The worst thing about the New Year for me is having to have The Conversation. It happens every year.
Me: "We need to talk about money stuff."
Him: "I'm not making enough money and we're poor"
Me: "Well, first off, we're NOT poor"
Him: Stomps off to the other room.
A few hours later....
Me: "Do you want to talk about the money now?"
Him: "Just tell me how much more I have to make"
Me: "Well, there are other options than just trying to make more money"
Him: "We're poor; what does it matter?"
Sometimes I think I should tape-record this conversation because it seems to me that it happens the exact same way about this time every year.
From the very beginning of our marriage, I have always managed the finances. J just doesn't like to be bothered with trivial details like when the light bill is due. In the early years, he took more of an interest in looking at the big picture. But these days he just shows up on Sunday to collect his allowance and that's really all he wants to do with it. Somehow I'm supposed to make magic behind the scenes and do miracles with his paycheck.

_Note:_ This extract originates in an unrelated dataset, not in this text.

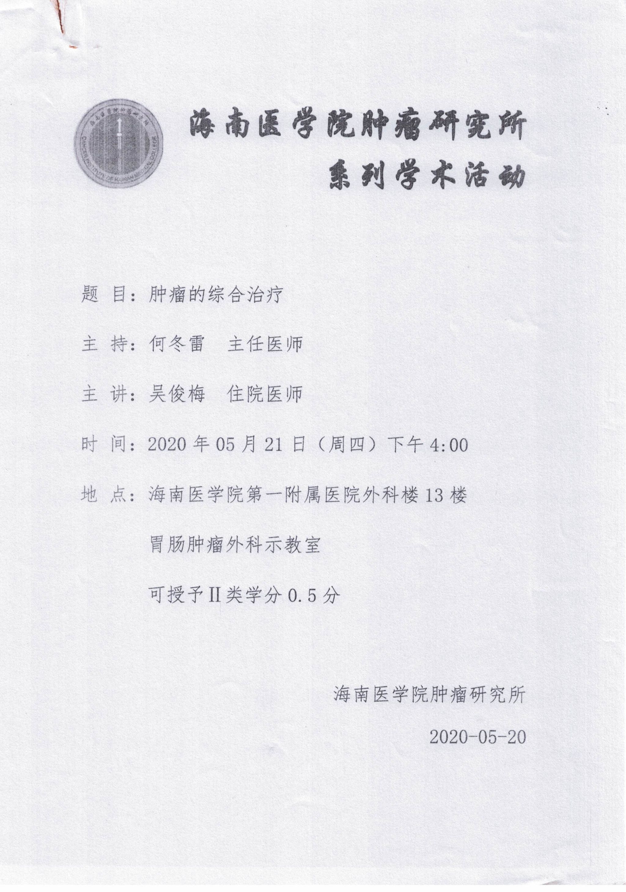 下一篇:海南医学院肿瘤研究所系列学术活动20200515
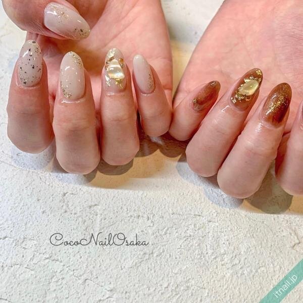こちらは、左右で異なるデザインを取り入れつつ、一ヶ所にべっ甲柄を入れたデザインです。ベーシックカラーでまとめているので、意外とすっきりまとめることができます。べっ甲ネイルに相性のいい金箔を散らせば、エレガントさがアップしますよ。

Anyway, I gave him the bad news that we only have 3 more years before our savings runs out and we'll have to consider other options. He keeps insisting that we're "poor" which really, truly angers me. I mean, we have a nice house (with a mortgage, granted), nice cars (no payments on any of them), an airplane (again, no financing there, just outrageous insurance), and we even have a spot of land on a mountain in Montana (that we're currently trying to sell to finance the savings a bit longer). We have no credit card debt. No debt beyond the mortgage. I think it is an insult to the vast majority of the population of the earth to say that we're "poor".
Glad I got that off my chest. I'm sure tonight we'll both be dreaming numbers. I don't think I'll tell him that I should ovulate any day now and maybe we can add another mouth to feed to the poor-house.